Important – Internal Only that pretends to come from administrator @ your domain is another one from the current zbot runs which try to drop cryptolocker, ransomware and loads of other malware on your computer. They are using email addresses and subjects that will entice a user to read the email and open the attachment. A very high proportion are being targeted at small and medium size businesses, with the hope of getting a better response than they do from consumers.
Almost all of these have a password stealing component, with the aim of stealing your email or FTP ( web space) log in credentials. Many of them are also designed to specifically steal your facebook and other social network log in details.
This one not only pretends to come from administrator @ your domain but also names the zip file according to your email domain so in 1 case that I received the email was addressed to email@example.com It pretends to come from Administrator <Administrator@thespykiller.co.uk> and the zip file attached to it is named Internal Only – thespykiller.co.uk.zip. This means that every sender will be different for every recipient and every attachment will be a different file name. When unzipped all the files have the same name Internal Only.scr
Please read our How to protect yourselves page for simple, sensible advice on how to avoid being infected by this sort of socially engineered malware.
File Validity: 07/14/2021
Company : http://thespykiller.co.uk
File Format: Office – Excel ,PDF
Name: Internal Only
Legal Copyright: © Microsoft Corporation. All rights reserved.
Original Filename: Internal Only.pdf
********** Confidentiality Notice **********.
This e-mail and any file(s) transmitted with it, is intended for the exclusive use by the person(s) mentioned above as recipient(s).
This e-mail may contain confidential information and/or information protected by intellectual property rights or other rights. If you
are not the intended recipient of this e-mail, you are hereby notified that any dissemination, distribution, copying, or action taken
in relation to the contents of and attachments to this e-mail is strictly prohibited and may be unlawful. If you have received this
e-mail in error, please notify the sender and delete the original and any copies of this e-mail and any printouts immediately from
your system and destroy all copies of it.

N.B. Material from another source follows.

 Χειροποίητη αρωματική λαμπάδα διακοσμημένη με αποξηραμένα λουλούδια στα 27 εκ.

14 July 2021: Internal Only – thespykiller.co.uk.zip: Extracted file name: Internal Only.scr Current Virus total detections: 3/54
This Important – Internal Only is another one of the spoofed icon files that unless you have “show known file extensions enabled“, will look like a proper PDF file instead of the .exe file it really is, so making it much more likely for you to accidentally open it and be infected.

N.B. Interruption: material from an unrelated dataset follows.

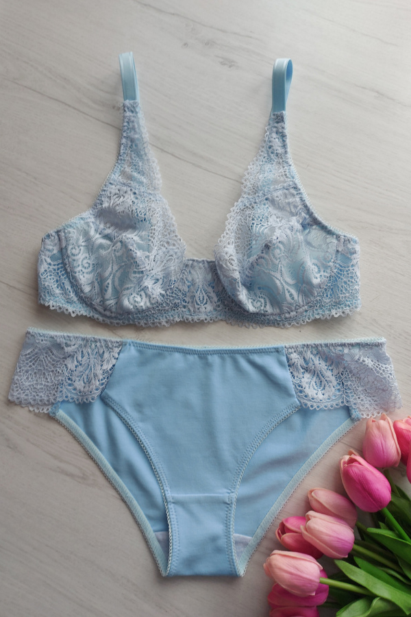 По итогу курса вы сошьете изделия собственного дизайна: бюстгальтеры, трусы. В курсе мы подробно разбираем пример пошива комплекта с бюстгальтером с каркасами и мягкой чашкой.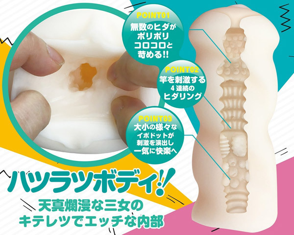 『おなガール』の血を受け継いだ新シリーズ『おなシスタ』が登場!キテレツでエッチな内部にはポリポリコロコロと苛める無数のツブを配置!中間部の4連続ヒダリングを抜けると、大小の様々なイボドット&横ヒダが刺激を演出し一気に快楽へと誘います。

All of these emails use Social engineering tricks to persuade you to open the attachments that come with the email. Whether it is a message saying “look at this picture of me I took last night” and it appears to come from a friend or is more targeted at somebody who regularly is likely to receive PDF attachments or Word .doc attachments or any other common file that you use every day.
Be very careful when unzipping them and make sure you have “show known file extensions enabled“, And then look carefully at the unzipped file. If it says .EXE then it is a problem and should not be run or opened.